INFORMATION SHOWN:

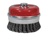 Faithfull Twist Knot Wire Cup Brush for heavier duty applications such as the removal of slag, rust, scale or even dried concrete. Designed for use with a compatible thread angle grinder.
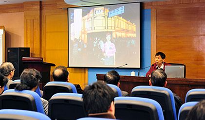 缪国亮教授用自己拍摄的照片介绍上海世博会 |
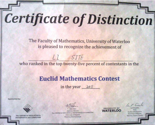 (这是冯老师的学生获得欧几里得数学竞赛全球前25%的证书)
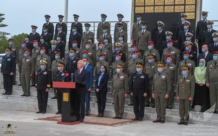وتوجه رئيس الجمهورية بكلمة ثمن فيها نجاحات المؤسسة العسكرية والمجهودات التي ما انفكت تبذلها في مختلف المجالات لدعم السلط المدنية سواء في تأمين الامتحانات أو الانتخابات أو كذلك في المجال الصحي حيث تولت مؤخرا تركيز مستشفى ميداني في قبلي في وقت قياسي. وثمن دور الأكاديمية العسكرية على وجه الخصوص التي تعتبر من مفاخر تونس حيث ساهمت ولا تزال في تكوين أجيال من العسكريين المدافعين عن الوطن المتميزين بالانضباط والإرادة والعزيمة.
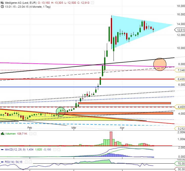 2015 wird spannend sein, ob Medigene die 180 Grad Wende zurück zur Spitzenposition in den neuen Krebs-Immuntherapien vollständig gelingt und die Aktie im wahrsten Sinne des Wortes auch in den Charts 'die Kurve kriegt'.

EXERCISE: If a line comes after the line with "(这是冯老师的学生获得欧几里得数学竞赛全球前25%的证书)", it stays out; print exactly every line from the start of the entries up to and including that line, but no pictures.

ANSWER BOX:
 Faithfull Twist Knot Wire Cup Brush for heavier duty applications such as the removal of slag, rust, scale or even dried concrete. Designed for use with a compatible thread angle grinder.
 缪国亮教授用自己拍摄的照片介绍上海世博会 |
 (这是冯老师的学生获得欧几里得数学竞赛全球前25%的证书)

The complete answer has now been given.